(The Center Square) — Pennsylvania lost 500,000 jobs in 2020, the Department of Labor and Industry said, and there’s no understanding of when – or if – those positions will return.
“We don’t know the reason why they were lost or if they are coming back,” acting Secretary of Labor Jennifer Berrier told the House Appropriations Committee on Tuesday. “The problem with this is there’s no playbook. I wish I could wipe off my 100-year-old play book from the Spanish influenza, but that’s just not possible.”
Berrier said 6.5 million residents were employed in February 2020 – a level so high that the department said it was woefully understaffed when jobless claims spiked by more than 1.12 million a month later. As of November, about 652,000 jobs have been recovered, Berrier said.

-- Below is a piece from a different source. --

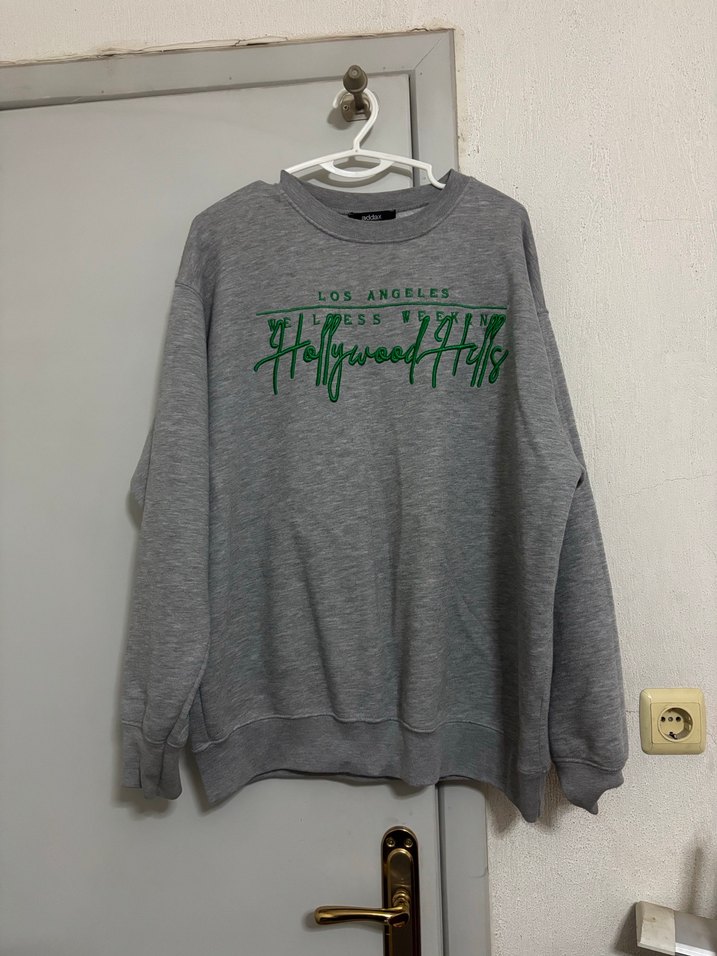 Gri renkli, uzun kollu ve bisiklet yaka kadın sweatshirtü. Yumuşak keten kumaştan, baskılı ve bol kesim, rahat sokak stili için ideal.
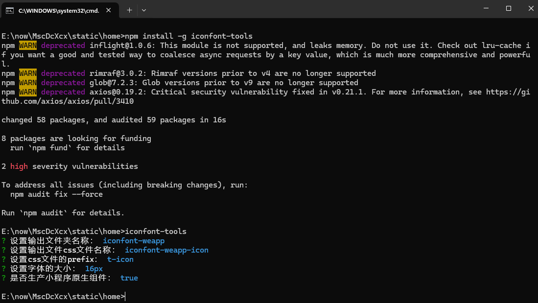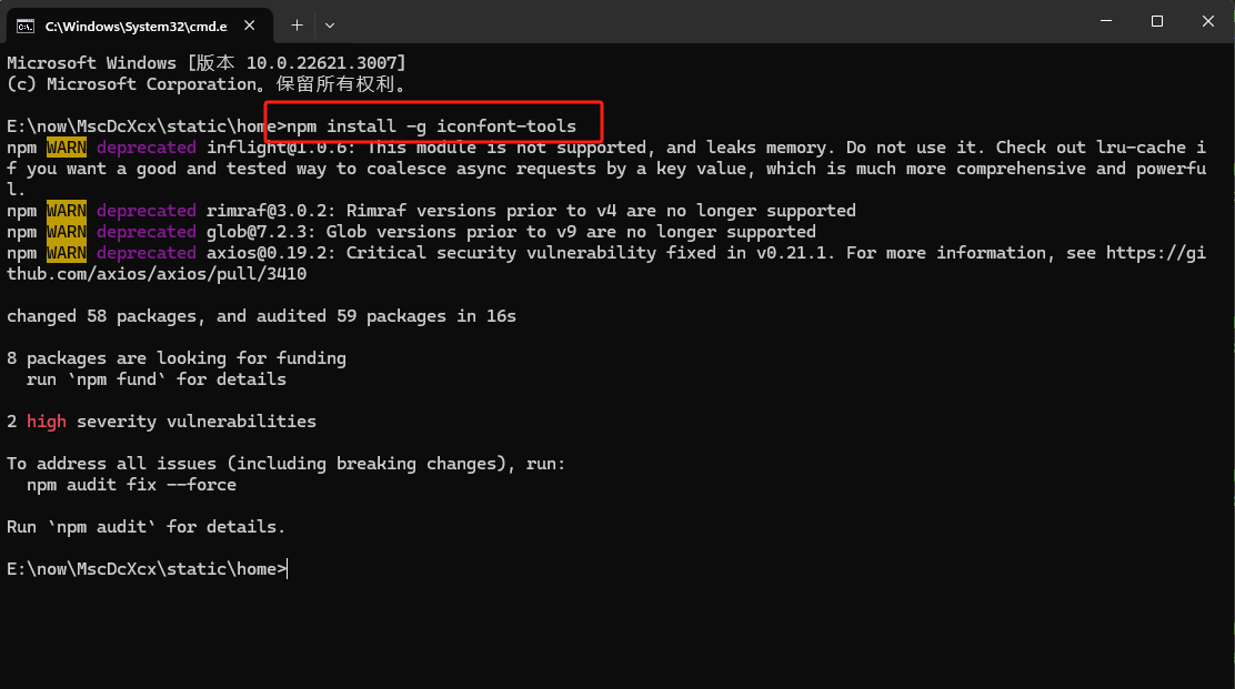 2)输入命令下载插件:npm install -g iconfont-tools

Rep. Jim Struzzi, R-Indiana, pressed Berrier on how much tax revenue the state lost as a result of the governor’s statewide economic shut down orders imposed in March, April and May at the onset of the pandemic.
“Clearly nothing had a bigger impact on our budget this year and last year than people who were put out of work,” he said. “We’ve heard numerous stories of people who just aren’t making it.”
Berrier said she didn’t know the revenue impact, but defended the administration’s orders and blamed individuals’ behavior for some of the economic slowdown that occurred.
“This isn’t just because of the governor’s lockdown,” she said. “We are in the midst of a global pandemic. There’s research that shows individuals were staying home. I want to be clear this wasn’t just a result of the governor’s well-thought-out mitigation orders.”
Independent analysis from the Allegheny Institute of Public Policy of the state’s labor market said 2020 job losses rival that of the Great Recession, particularly in the hospitality sector.
The Independent Fiscal Office likewise estimates real GDP shrank 4.1 percent overall in 2020, though the number could fluctuate by as much as two percentage points in either direction when the final results of the fourth quarter are made available. Wage and salaries also declined 1.2% and the state lost 450,000 jobs. While the IFO estimates GDP could recover in just two years, some of those jobs will still be lost in 2026.
“I understand this is unprecedented, but we also have to learn from this and make sure we never put people in this situation again,” Struzzi said. “This won’t be the last pandemic and so moving forward it’s important that we understand that.”
Gov. Tom Wolf ordered all nonessential businesses to close on March 16, 2020. The mandate – coupled with revised federal rules on who qualifies for unemployment compensation – prompted 2.4 million residents to file claims throughout 2020.
The swell in applications overwhelmed the department and caused delays in sending out payments. One year later, Berrier said her staffing complement has doubled, though retention rate remains low, with about 50% of workers quitting over the “taxing” nature of the job.
“We were asked to serve a part of the population that had never been serviced before, including business owners, independent contractors and gig workers,” she said. “That opened us up to more than 2 million people who never received benefits before.”